How to address the challenges of learning analytics? First and foremost, by avoiding making the most common mistakes. Find out what they are.

Is learning "measurable"? Learning analytics, or learning data analytics, involves precisely the collection and analysis of online learning activity. Yet, the learning process is difficult to evaluate quantitatively. In the era of Big Data, the challenges of learning analytics are getting bigger and bigger even though many strides have been made in this regard.

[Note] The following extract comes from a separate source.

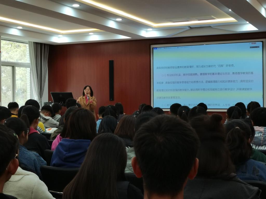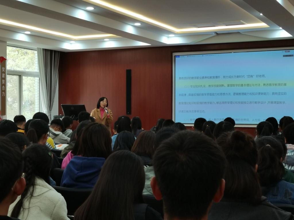 讲座开始,王丽老师首先讲述了数学与应用数学(教师教育)专业的存在价值以及学校自开设数学专业以来取得的辉煌成就,老师说到:对于师范专业的学生们来说,要求每位同学要提升自己的专业素养和师德素养,在以后的学习中不忘初心,能够努力学习专业知识,让自己走得更高更远,才能在自己的工作中熠熠闪光,这才应该是我们每一个人选择这个专业的初衷。
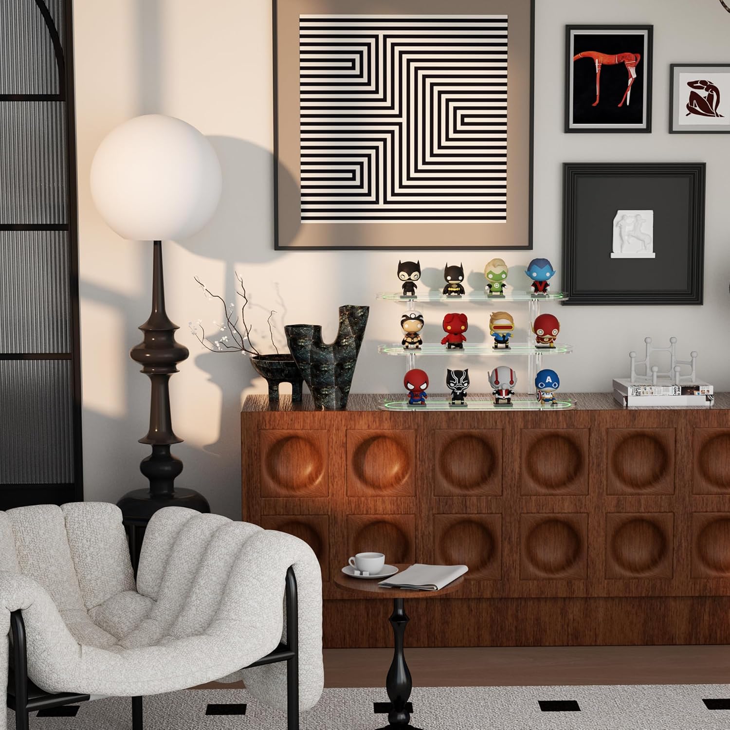 - SAVES SPACE & NEATLY ARRANGED: You can find your items quickly and easily, no more digging through messy drawers. Acrylic riser display stands are easy to place, perfect for your dresser, table organization or 𝐚𝐦𝐢𝐢𝐛𝐨 Funko-POP display case and they complement any room color or theme

To avoid entangling this analysis more than necessary, it may be helpful to know what the main mistakes in this field are so that you can recognize and avoid them:

1. Too limited a view: the difficulty of the topic often leads to a rather conservative view of learning analysis. There is a tendency, for example, to limit oneself to only using data from final assessments. In reality, in order to take advantage of the benefits of learning analytics, it is necessary to have a well-structured program that decides what data to take into account and with what objective.

2. Not being proactive: In many cases, the learning impact conversation is tacitly avoided. Neither the company that designed the course nor the client tends to want to delve into the actual outcome of the training in order to circumvent measurement difficulties. You need to be proactive and put the data front and center in order to uncover any problems or strengths of the learning journey.

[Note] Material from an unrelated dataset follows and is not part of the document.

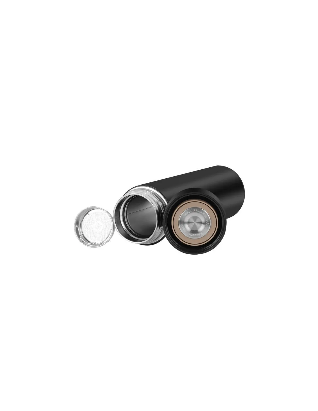 A beautiful and practical thermos that displays the temperature of your drink with one touch on the LCD display. The included strainer filters coffee or loose tea.

3. Take data for granted: Often, the ease with which data arrives makes people think that it is easy to find links between results and a possible improvement in the training path. To avoid taking collected metrics for granted, you need to change your perspective to look for causal links between data and course outcomes.

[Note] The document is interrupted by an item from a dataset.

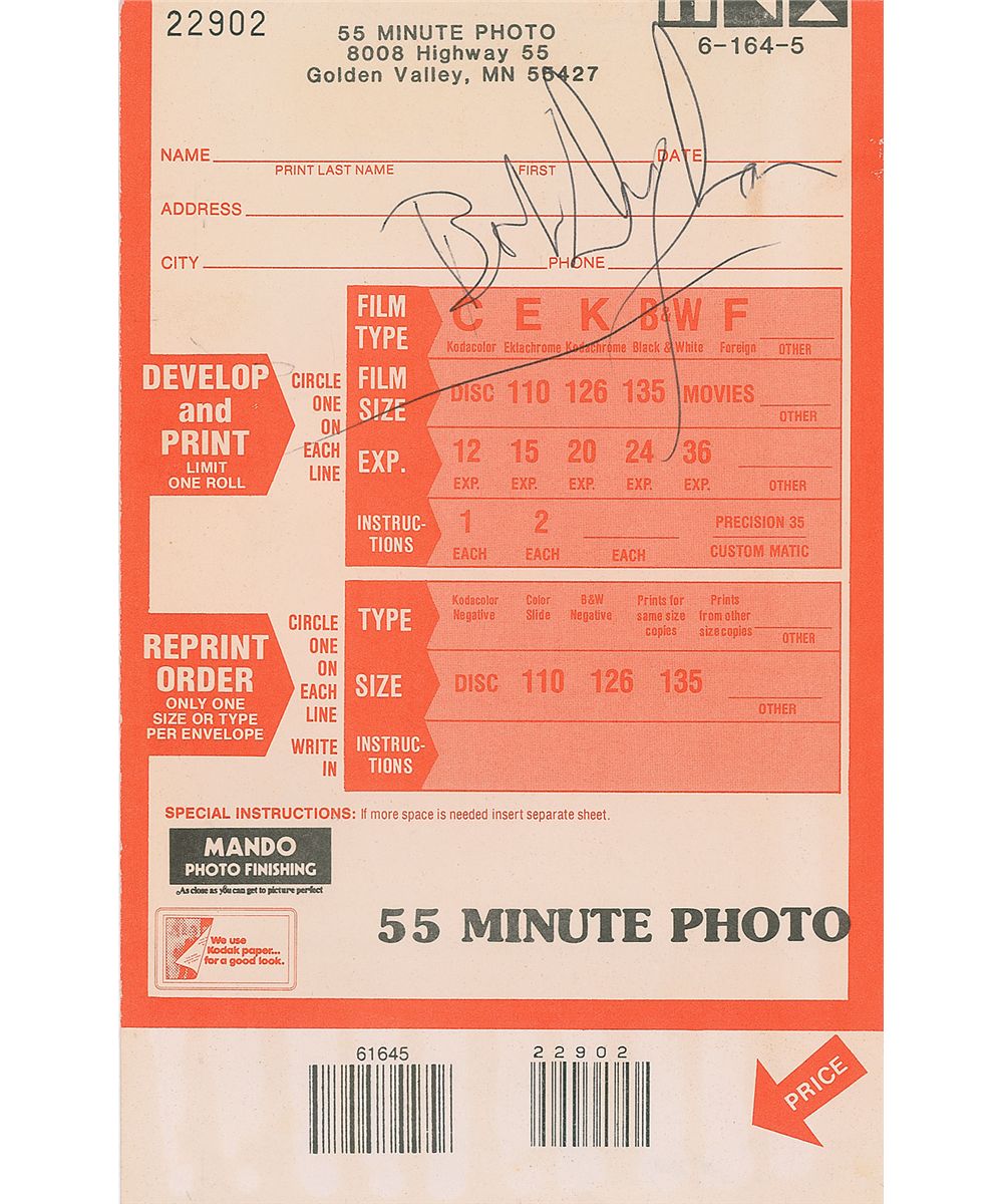 55 Minute Photo of Golden Valley, Minnesota film envelope, 5.5 x 8.5, signed on the front in black ballpoint by Dylan. In fine condition, with a mild shade of overall toning. Accompanied by a letter of provenance from the original recipient, the owner of the photo shop, who acquired the signature on July 4, 1982, stating he saw “Bob Dylan going into a card store next door. I grabbed a photofinishing envelope and a pen and waited out on the sidewalk in front of the card store. When he came out a few minutes later…he kindly signed the envelope but did not speak to me.”

4. Don't include the entire organization: companies and their employees are the target audience for the eLearning training course. A lot of the big data needed to understand and improve a company department's training is in other parts of the organization. Therefore, you need to broaden your reference points and incorporate other parts of the company to gather comprehensive data by analyzing, for example, the performance of all employees.

These and other mistakes need to be corrected right away to take advantage of the benefits of Big Data and learning analytics. Through proper analytics, in fact, you can:

  • predict student performance;
  • provide a personalized learning experience for learners;
  • increase student retention rates;
  • enable improvements in subsequent courses;
  • improve the quality-price ratio of courses.